Однако на то, чтобы спуститься в трюм нам много времени не понадобилось. Внизу мы обнаружили, что в кают-компании нет ничего кроме пустых шкафов и полок. Из неё открывался проход в две отдельные каюты, расположеные в носовой части корабля, и в каюту капитана в кормовой его части, причем во всех этих каютах мы нашли личные вещи, одежду и всякий хлам, это как раз служило подтверждением тому, что корабль его команда покинула в спешке. Еще сильней нас в этом убедило то, что в выдвижном ящике шкафа, стоящего в капитанской каюте, мы нашли большое количество золотых самородков. Вряд ли можно было бы такое предположить, чтобы его владелец всё это бросил по собственной воле.

Относительно отдельных кают; одна из них находилась по правому борту и по обстановке в ней можно было догадаться, что её занимала женщина, причем никакого сомнения не возникало в том, что она была пассажиркой.
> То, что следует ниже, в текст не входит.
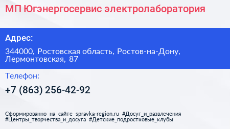 МП Югэнергосервис, электролаборатория по адресу 344000, Ростовская область, Ростов-на-Дону, Лермонтовская, 87 в дальнейшем Организация, размещена в следующих категориях:
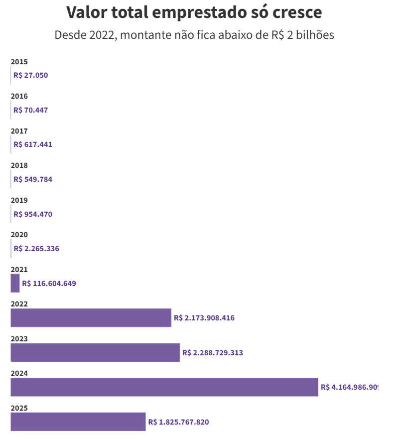 Com base na Instrução Normativa 136 e nesses três tipos de produtos financeiros, o valor emprestado por instituições financeiras a crianças saltou de R$ 116 milhões em 2021 para R$ 4,1 bilhões em 2024.
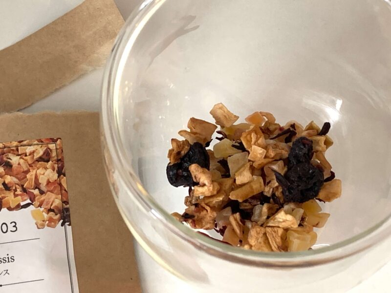 お茶ですが、包装の中にティーバッグが入っているわけではなく、ドライフルーツがそのまま入っていました。

Другую, в которой стояло две койки, с определенной степенью уверенности можно сказать, занимало двое молодых людей, это мы сумели установить по носильным вещам, небрежно разбросанным по всей каюте.

Все же вряд ли можно сказать, что на осмотр этих кают мы потратили слишком много времени, поскольку мы искали провиант и по этой причине торопились, подстегиваемые приказами боцмана. Нам нужно было как можно быстрей выяснить, есть ли на этой старой посудине хоть какая-нибудь провизия, которая могла бы спасти нас от голодной смерти.
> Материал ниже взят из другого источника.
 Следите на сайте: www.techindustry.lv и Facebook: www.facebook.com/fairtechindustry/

В завершение своего осмотра мы отодвинули крышку люка, которая вела в кладовую и, взяв с собой две лампы, которые мы принесли со шлюпок, спустились вниз, на разведку. Оказавшись там, через некоторое время мы наткнулись на два бочонка, которые боцман открыл при помощи своего топорика. Бочки были целые и прочные, в них хранились корабельные галеты[5 - Корабельные галеты представляют собой увесистые лепёшки из муки и воды, высушенные до почти каменного состояния. Употреблять их в сухом виде просто невозможно – нужно предварительно размачивать в воде или алкоголе. В раздробленном виде они добавляются в незамысловатые морские рагу на базе солонины (об этом ниже). Кроме того, если раскрошить галеты помельче, они сгодятся в готовке вместо муки. В общем, практичная штука, если знать к ней подход. И может храниться годами.], – очень хорошие и пригодные в пищу. После такой находки, как можно догадаться, у нас на душе сразу полегчало, теперь мы уже знали, что страшную голодную смерть удастся отсрочить хотя бы на немного. Продолжая разбирать запасы мы обнаружили: бочку черной патоки, бочонок рому, несколько ящиков сухофруктов, правда, они уже заплесневели и не очень годились в пищу, бочонок говяжьей солонины и бочонок хорошо просоленой свинины, небольшой бочонок уксуса, ящик бренди, четыре бочонка муки, один из которых, как оказалось, сильно отсырел, и целую кучу различных жирных соусов.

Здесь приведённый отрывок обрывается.